Изо рта капитана медленно сочилась алая струйка крови.
- Все, конец,- выдохнул командир.
Снова танк потряс страшный удар немецкого снаряда. Из огромной пробоины потянуло гарью, яркие языки огня лизали броню, в машине поднялась невыносимая жара. Комбинезоны танкистов стали дымиться и тлеть.
- Миша, тащи командира в люк! Уходим!
Они спустились на дно танка, с большим трудом выползли наружу, Тиунов с командиром, Сорокин с автоматами и связкой гранат.
- Тащи командира к сараю! Я задержу танк!

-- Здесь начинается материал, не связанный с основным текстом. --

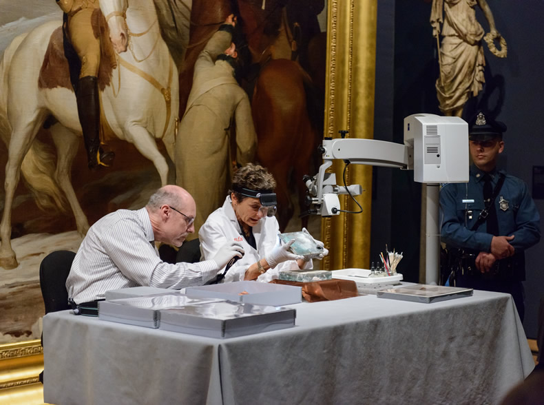 Pamela Hatchfield, the museum’s conservator who freed the capsule from the cornerstone last month, and Annette Manick, the museum’s head of paper conservations, are overseeing the conservation treatment of the artifacts.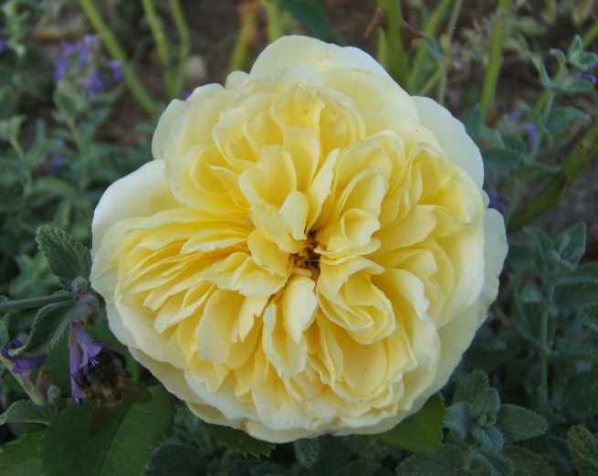 Wieder ein Genuss, eure Bilder! Pinguin und Rosana, wie machen sich denn J. Veitch bzw. Old Port von Habitus (und Größe) und von der Gesundheit her? Gestern Abend noch voll in Blüte, heute Morgen lagen alle Blütenblätter unten (Die Biene interessiert sich eh mehr für die Katzenminze...)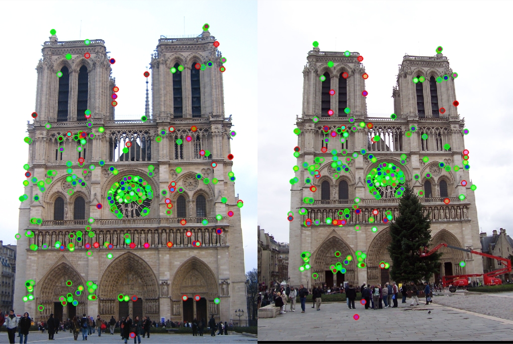 The Notredame results came out to be a horrendous 0%. The images were drastically harder to match than the previous two because of the high color, scale, and orientation variance. To improve the current code so that it could better match the Notredame image, I would need to implement scale selection or keypoint orientation into the interest point detection process.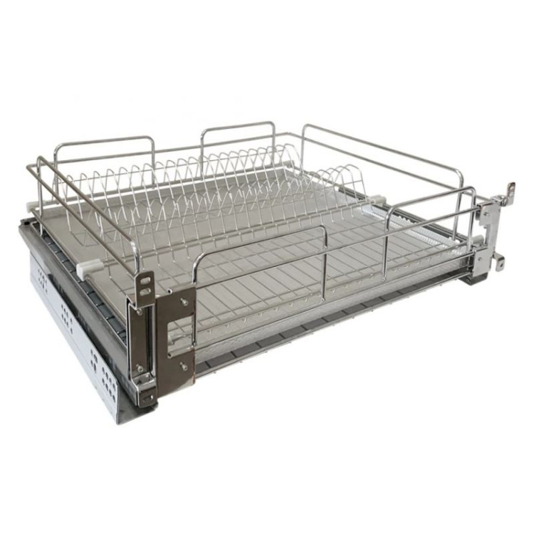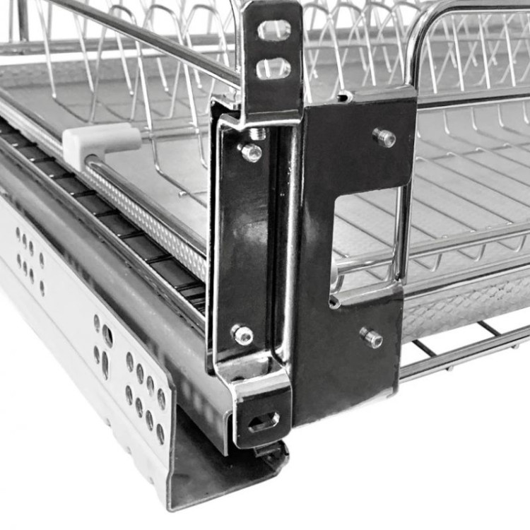 Материал корзины: Сталь Покрытие корзины: Хром Материал сеток: Нержавеющая сталь \ncушки для посуды в нижнюю базу полного выдвижения с доводчиком, с алюминиевым поддоном и фасадным креплением; \nдержатели тарелок и чашек изготовлены из нержавеющей стали; \nвесь комплект одним артикулом в одной коробке.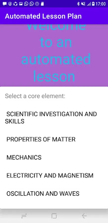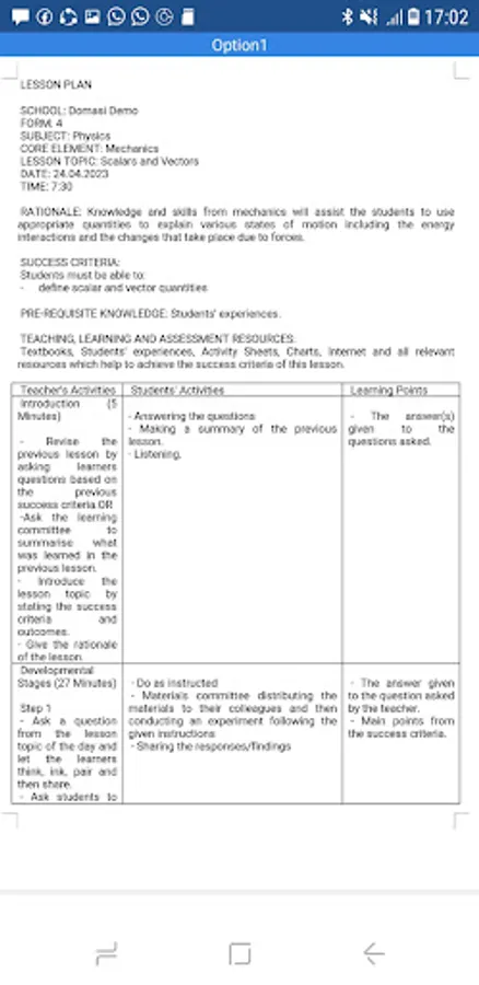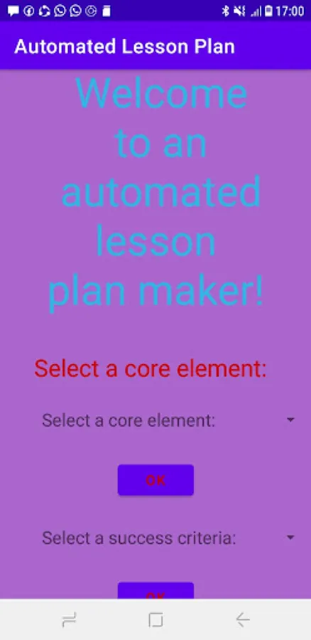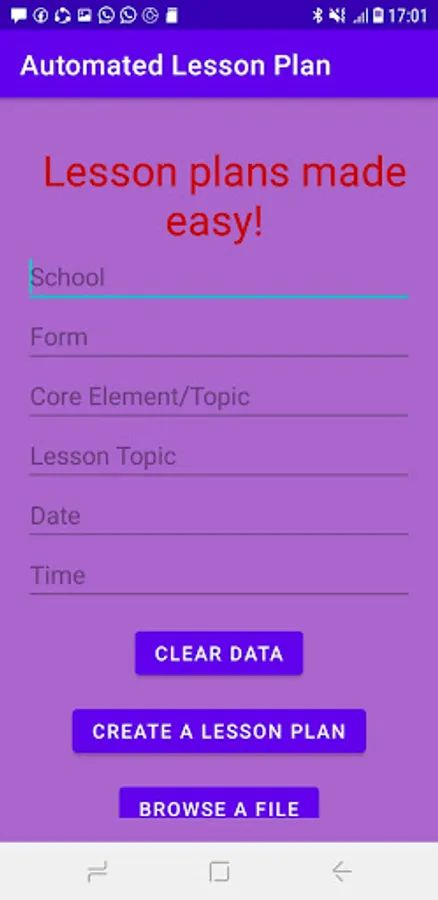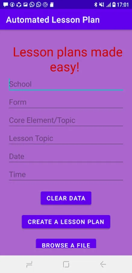 This is an automated lesson plan for teachers. This app aims at creating lesson plans automatically. All you need is simply to select the required success criteria and then fill in the preamble section. When all data is completed then a full lesson plan is generated.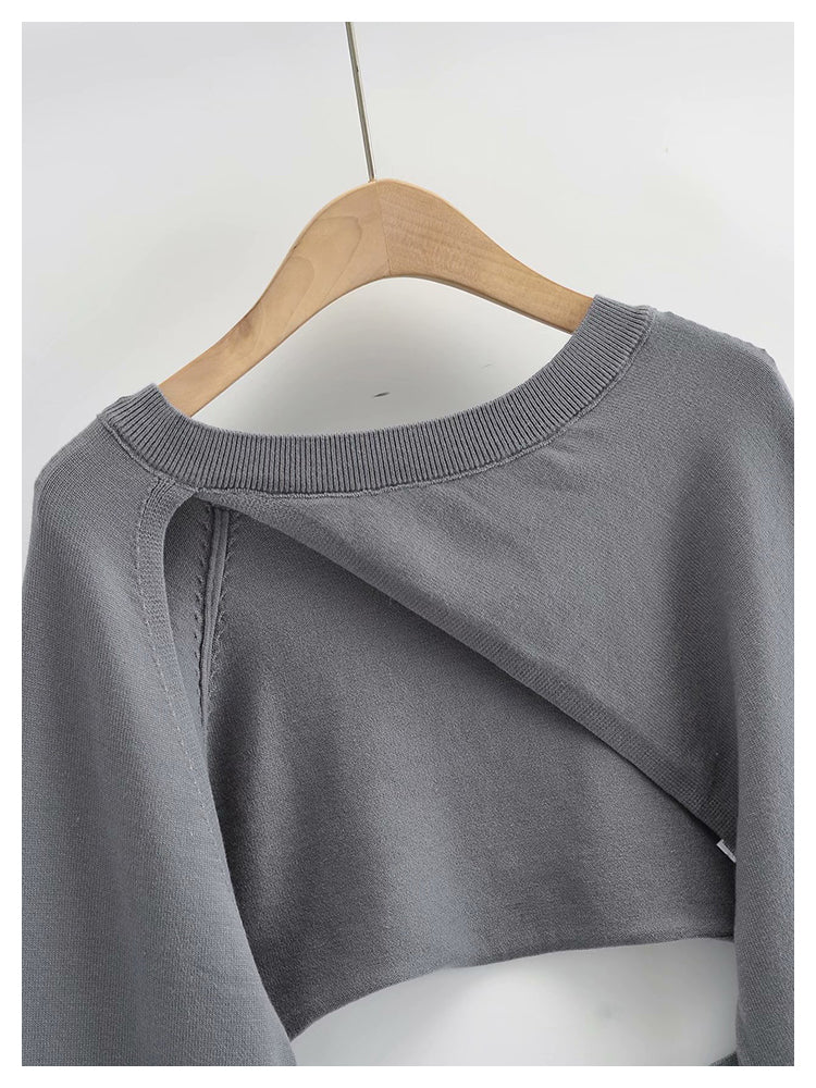 Irregular knitwear hollowed out design temperament versatile overlay blouse 7300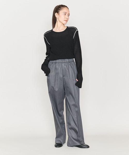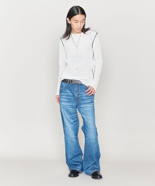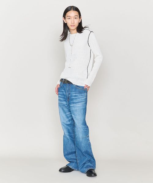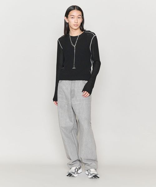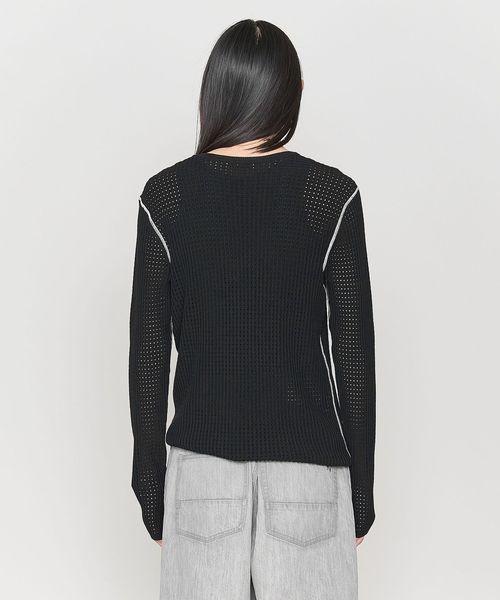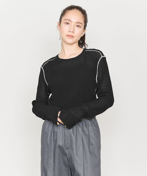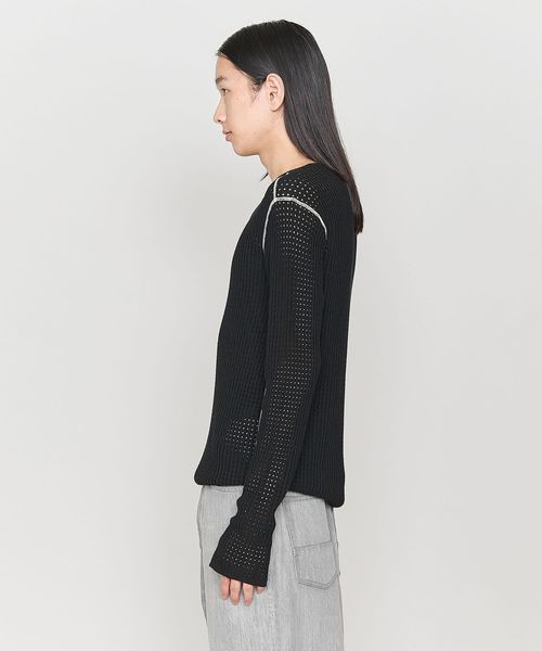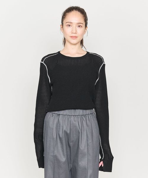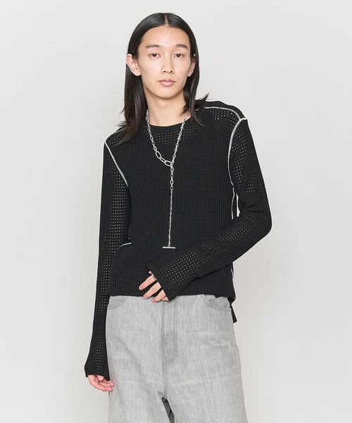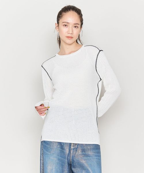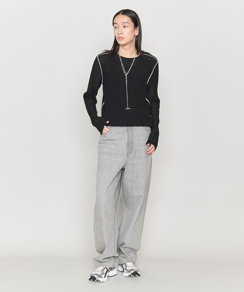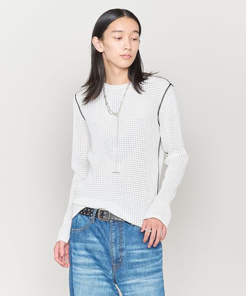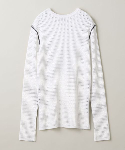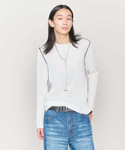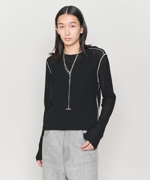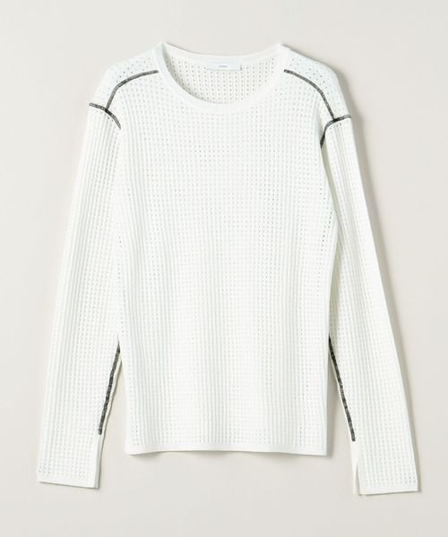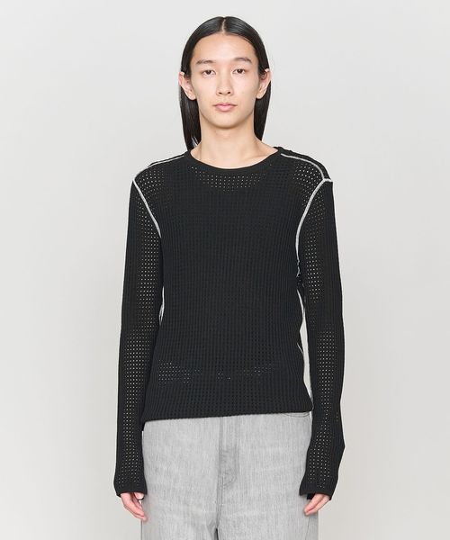 シアー感と配色ステッチが目を引くクルーネックニットをユニセックスで提案。

Страшная громада надвигалась на Сорокина. Алексей схватил связку гранат и бросился под танк. Мощный взрыв остановил машину, она закрутилась на месте, яркое пламя заплясало на башне танка.
- Прощай, Алеша, - прошептал запекшимися губами Миша. - Ты умер, как герой. «Алеша не струсил, и я смогу», - подумал Тиунов. Он прижался всем телом к земле, сжимая в правой руке связку гранат. До танка пятнадцать, десять, пять метров… Пора! Гранаты полетели в танк, оранжевая вспышка ослепила молодого бойца, и он провалился в темную бездонную пропасть.
Партизанскими тропами
Командиру партизанского отряда «За Советскую Родину» Семену Довганю принесли зашифрованную радиограмму: «Кум Назар в гости придет в 12 часов. Встречай! Дядя».
- Начальника разведки ко мне! - приказал Довгань.
Через несколько минут мощная фигура показалась в дверях штабной землянки:
- Федор Некрасов прибыл по вашему приказанию!
- Получена шифровка от генерала Пантелеева. Спецгруппа разведчиков третьей дивизии прибудет на остров Волчьи ямы. Немедленно выходите навстречу. Старшим группы назначаю Вас. С собой возьмите людей, хорошо говорящих по-белорусски, знающих здешние места.
- Разрешите приступить к выполнению задания.
– Добре! Разрешаю. Ваша группа после встречи поступает в распоряжение командира разведгруппы третьей дивизии Анатолия Ковригина, пароль прежний.
Федор Петрович Некрасов – коренной уралец, житель небольшого рабочего городка Чермоз Молотовской области. Детство и юношеские годы прошли в Чермозе. Затем Кремлевское училище в Москве, и молодой лейтенант едет служить в воинскую часть под Тулу.
Начало войны встретил на западных границах. Бои, отступления, контратаки – все испытал на себе молодой офицер. В белорусских лесах попал в глухое окружение. Фрицы плотно обложили советских воинов и быстро ушли на восток. Пришлось выходить на связь с местными партизанскими отрядами. С группой бойцов влился в отряд «За Советскую Родину» и вот уже три года тянет лямку партизанской службы. Два года начальник разведки, отлично прижился в отряде, научился говорить и думать на белорусском языке. Трудно отличить от жителя Полесья!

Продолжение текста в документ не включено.